GEMA, representing around 100,000 songwriters and composers, claims that OpenAI trained ChatGPT on copyrighted German song lyrics without acquiring licenses or compensating authors.
The evidence centers on ChatGPT’s ability, when prompted, to reproduce original texts by artists such as Reinhard Mey, Inga Humpe, Rolf Zuckowski, and Kristina Bach.
The GEMA vs. OpenAI Case – Copyright, Creativity, and the Future of AI Training
by ChatGPT-4o. Source: Frankfurter Allgemeine Zeitung
In late September 2025, a historic moment unfolded in courtroom 134 of the Munich Justizpalast. For the first time, a major rights society, Germany’s GEMA (Gesellschaft für musikalische Aufführungs- und mechanische Vervielfältigungsrechte), brought a case against OpenAI, alleging systematic copyright infringement in the training and outputs of ChatGPT. The clash is not just about lyrics — it is about who gets to define the rules of cultural participation in the AI era.
The Core Allegations
GEMA, representing around 100,000 songwriters and composers, claims that OpenAI trained ChatGPT on copyrighted German song lyrics without acquiring licenses or compensating authors. The evidence centers on ChatGPT’s ability, when prompted, to reproduce original texts by artists such as Reinhard Mey, Inga Humpe, Rolf Zuckowski, and Kristina Bach (author of Helene Fischer’s iconic “Atemlos durch die Nacht”).
The society argues:
Direct reproduction: ChatGPT can deliver full, unaltered lyrics — evidence of unauthorized copying.

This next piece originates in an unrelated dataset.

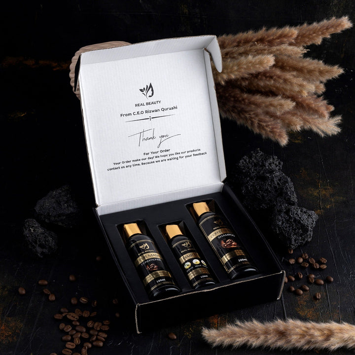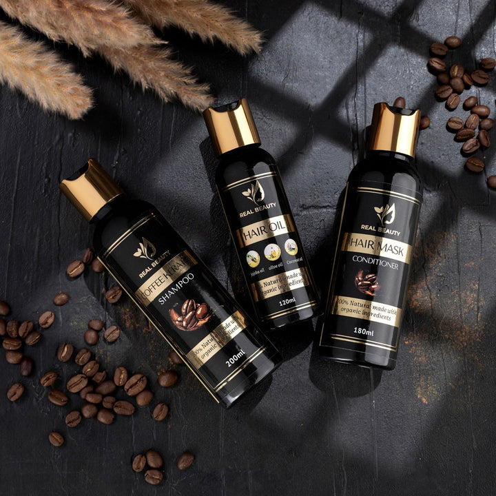 That’s why we created the Real Beauty Complete 3-Step Hair Care Routine — a powerful trio featuring our Coffee Keratin Shampoo, deeply nourishing Hair Mask, and restorative Hair Oil. Together, they deliver a professional-level hair care system that brings back strength, smoothness, and shine — naturally.

Systematic use: OpenAI knowingly ingested vast amounts of protected works, disregarding licensing norms.
Commercial exploitation: With ChatGPT generating $3.7 billion in 2024 revenues, GEMA insists this is not research or educational use but a clear for-profit venture.
Rightsholder opt-out ignored: German authors exercised their legal ability to block such uses via GEMA’s blanket opt-out. Training on these works was therefore unlawful from the outset.
OpenAI’s Defense
OpenAI rejects the claims, advancing several lines of argument:
No direct copying: The system “reflects” statistical patterns rather than storing and regurgitating lyrics verbatim. When lyrics appear, it is incidental or slightly altered.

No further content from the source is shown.